Donations of $75 or more will be entered into a draw for a pass for two to the Ottawa Jazz Orchestra’s December 14 show - “Hot Like Harry” (featuring the music and songs of the Harry James Orchestra). The show is sold-out.
Many of us are a bit tired of politicians after the wall-to-wall election coverage of recent months. However, there are a group of politicians in the United Kingdom who have united in the common cause of jazz. Every year since 2005 they have come together “across the aisle” to identify British jazz musicians, educators and journalists who have made a meaningful contribution to the British jazz scene. This year, the musician winners are:
Jazz Vocalist of the Year: Emma Smith
Jazz Instrumentalist of the Year: Emma Rawicz
Jazz Album of the Year : Zoe Rahman “The Colour Of Sound”
Jazz Ensemble of the Year: Alina Bzhezhinska’s HipHarpCollective
Jazz Newcomer of the Year: Ife Ogunjobi (of Ezra Collective)
We will hear selections from each winner.
For the complete list of winners (including educators and journalists) see here.
Here’s a live performance from Emma Rawicz, only 22 years old.
The jazz “newcomer”, Ife Ogunjobi, has been around for a while. Here is is playing in 2019.
Emma Smith is a veteran jazz singer. Here she is in a live performance of a track from her 2022 album, Meshuga Baby.
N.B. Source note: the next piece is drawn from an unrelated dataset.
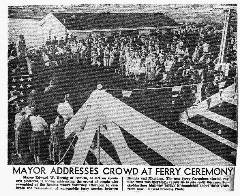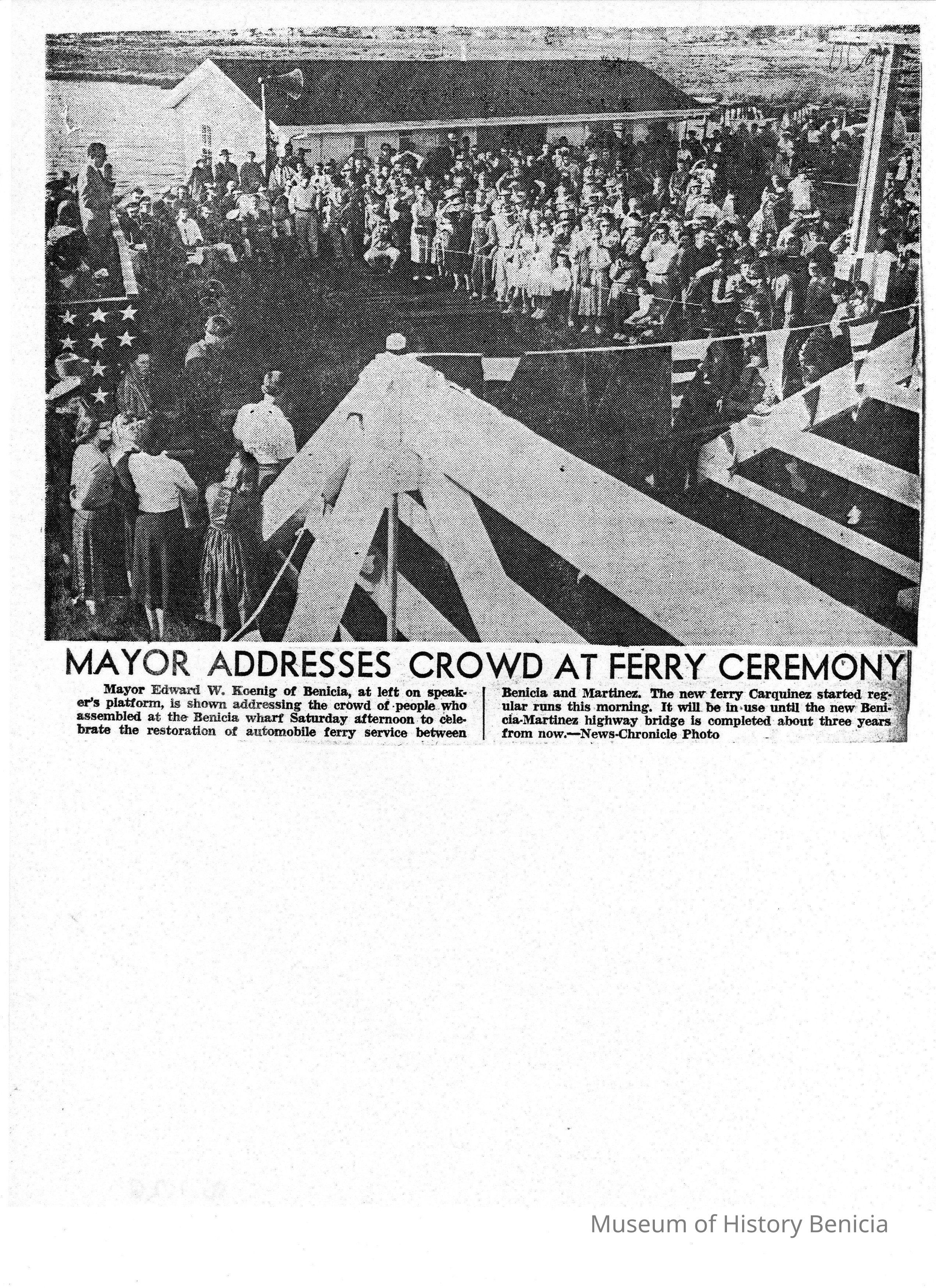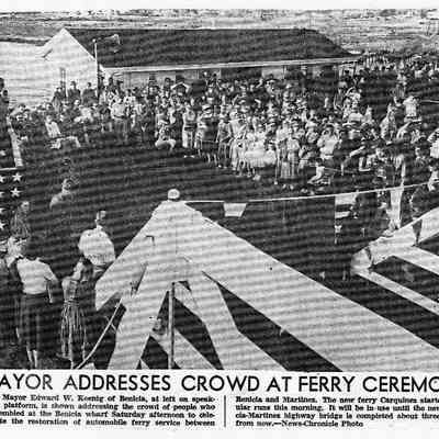 B/w photocopy of photo and article "Mayor Addresses Crowd at Ferry Ceremony," concerning the Mayor Edward W. Koenig's address at the celebration of the restored automobile ferry service.Collection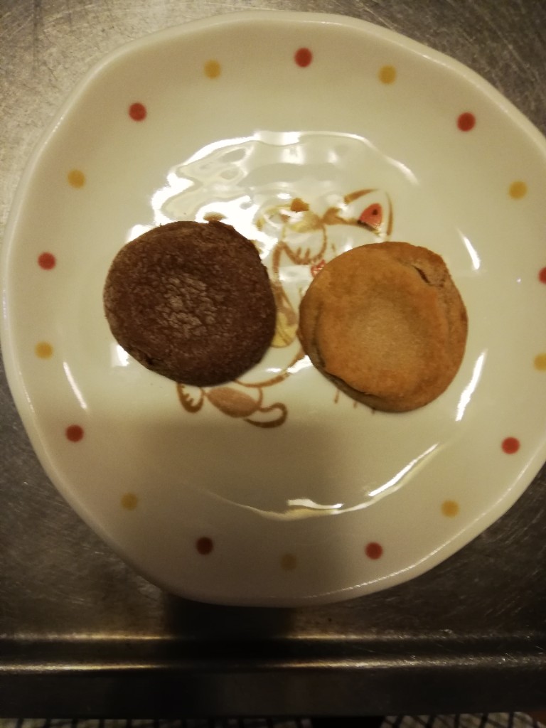 ビター過ぎないココアクッキーを食べていくと、ゴロッとしたチョコが出て来て、口の中で一気にココア味が濃く感じられて美味しい。

You can listen live at 9 p.m. on Wednesday in Ottawa at 93.1 on the FM dial or online at CKCUFM.com. The show will be available for on demand streaming shortly after broadcast.
Note: the FM antenna at Camp Fortune is being repaired which may result in an interruption in radio transmission - online streaming will continue as normal.
I always enjoyed going to the Parliamentary Awards each year when they took place at the Houses of Parliament on the terrace overlooking the River Thames. It was great to see political opponents arguing passionately about their favourite Monk album or whether Chet or Miles was a better trumpeter, often only hours after giving each other a hard time in the House.